[Saved entries]
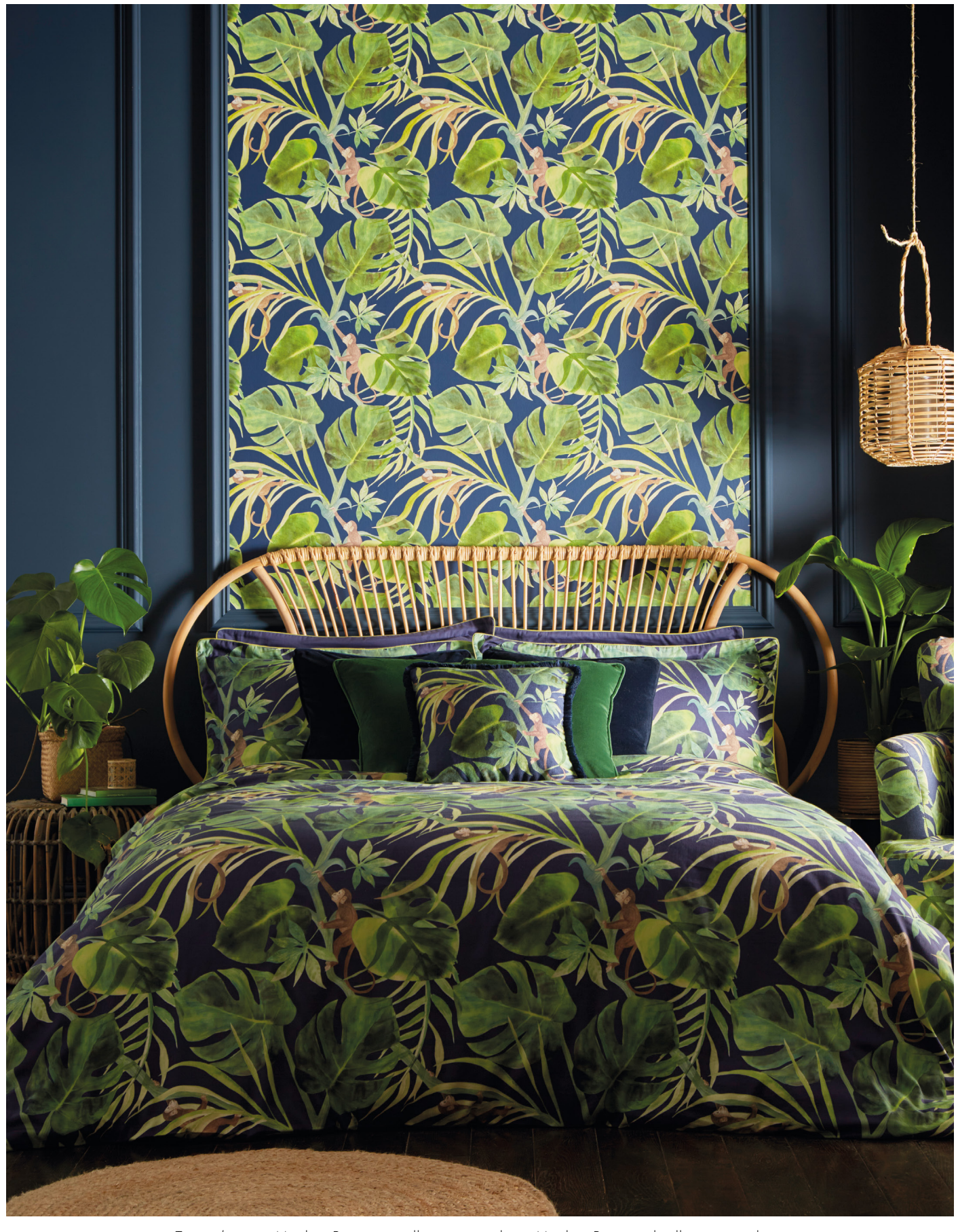
Top to bottom: Monkey Business wallcovering indigo, Monkey Business bedlinen set indigo, velvet cushions made from Alvar navy and hunter, Monkey Business cushion.
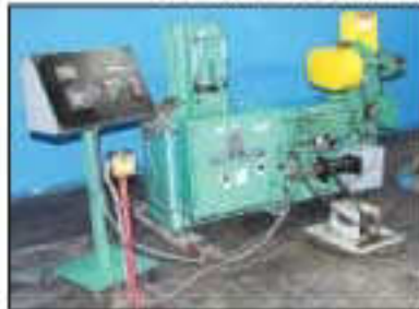
1-1/4" PINES MDL. 3T HYD. VERT. TUBE BENDER
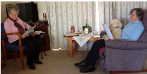
...plus a very friendly and 'interested' dog...

MEETING TOGETHER... a number of people have been meeting in small groups each week to read through the weekly Worship Service and keep in touch with each other. Others are meeting for a 'cuppa'. These are important ways to connect, maintaining and building up a sense of community. Here are some photos from one group...please note the social distancing!!!
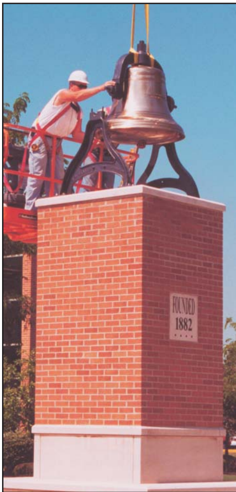
Construction workers mount the Old Main Bell on the newly built tower, located in the center of campus in front of the Gardner Fine Arts Pavilion.
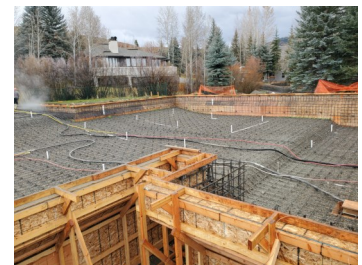
Harker Center Pool
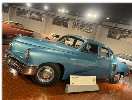
Tucker No. 47 at the Gilmore Museum
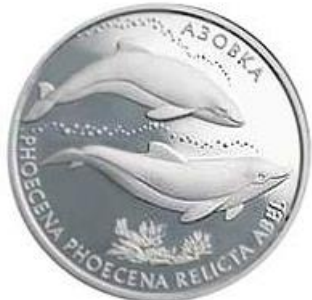
Figure 11. Azov Dolphin (gs) ( NBU (2023a))
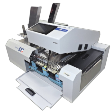
Easy to maintain: Quick access for fast cleaning and service
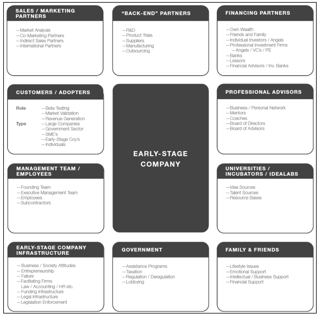
Figure 2. The early-stage company eco-system

4. Decision environment . All the activity related to figure 1 occurs within the context of a broader early-stage company eco-system (figure 2).
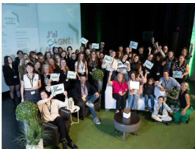
Scholarship winners and their guests during the gala event hosted by Caisse Desjardins de D'Autray.

All of Desjardins Group is engaged in helping kids succeed in school. Here are some initiatives carried out by our caisses to help local schools and showcase our scholarship winners' hard work and success.

[ASSIGNMENT] The stretch above running from the line with "Easy to maintain: Quick" through the line with "Scholarship winners and" is all you should copy, exactly, leaving out the pictures.

[EXPECTED ANSWER]
Easy to maintain: Quick access for fast cleaning and service
Figure 2. The early-stage company eco-system

4. Decision environment . All the activity related to figure 1 occurs within the context of a broader early-stage company eco-system (figure 2).
Scholarship winners and their guests during the gala event hosted by Caisse Desjardins de D'Autray.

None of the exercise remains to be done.